===== Recorded data =====

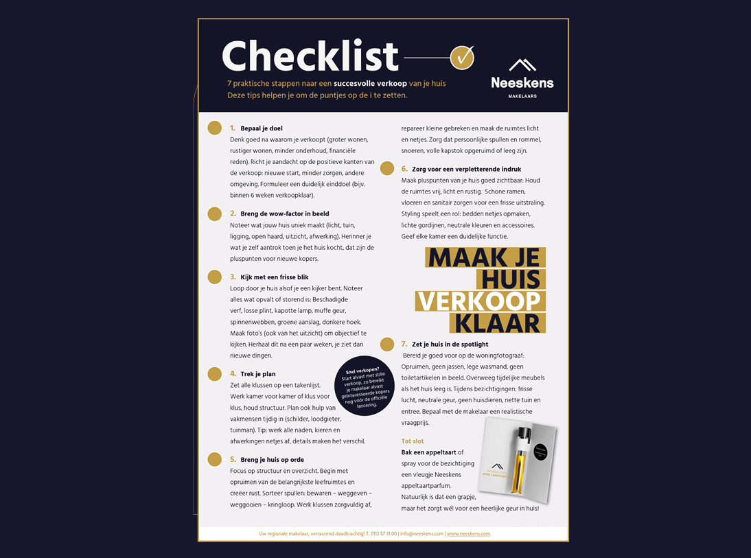 7 praktische stappen naar een succesvolle verkoop van je huis. Met deze checklist zorg je dat alles tiptop in orde is, deze tips helpen je om de puntjes op de i te zetten van voorbereiding tot overdracht.
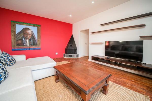 Step outside to a beautifully designed entertainment area, where a sheltered patio offers an outdoor lounge, dining space, and braai area overlooking a lush tropical garden. The sparkling pool, complete with a child-friendly shallow step, adds to the homes appeal as a family-friendly haven.
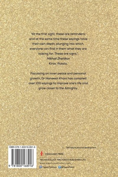 "At the first sight, these are reminders; and at the same time these sayings have their own depth, plunging into which, everyone can find in them what they are looking for. These are signs." Mikhail Zheltikov Kirov. Russia. Focussing on inner peace and personal growth, Dr Haneesh Khani has compiled over 100 sayings to improve one's life and grow closer to the Almighty.

=====

**Exercise details**
Before you return the listing exactly, strip out its pictures.

**Response area**
 7 praktische stappen naar een succesvolle verkoop van je huis. Met deze checklist zorg je dat alles tiptop in orde is, deze tips helpen je om de puntjes op de i te zetten van voorbereiding tot overdracht.
 Step outside to a beautifully designed entertainment area, where a sheltered patio offers an outdoor lounge, dining space, and braai area overlooking a lush tropical garden. The sparkling pool, complete with a child-friendly shallow step, adds to the homes appeal as a family-friendly haven.
 "At the first sight, these are reminders; and at the same time these sayings have their own depth, plunging into which, everyone can find in them what they are looking for. These are signs." Mikhail Zheltikov Kirov. Russia. Focussing on inner peace and personal growth, Dr Haneesh Khani has compiled over 100 sayings to improve one's life and grow closer to the Almighty.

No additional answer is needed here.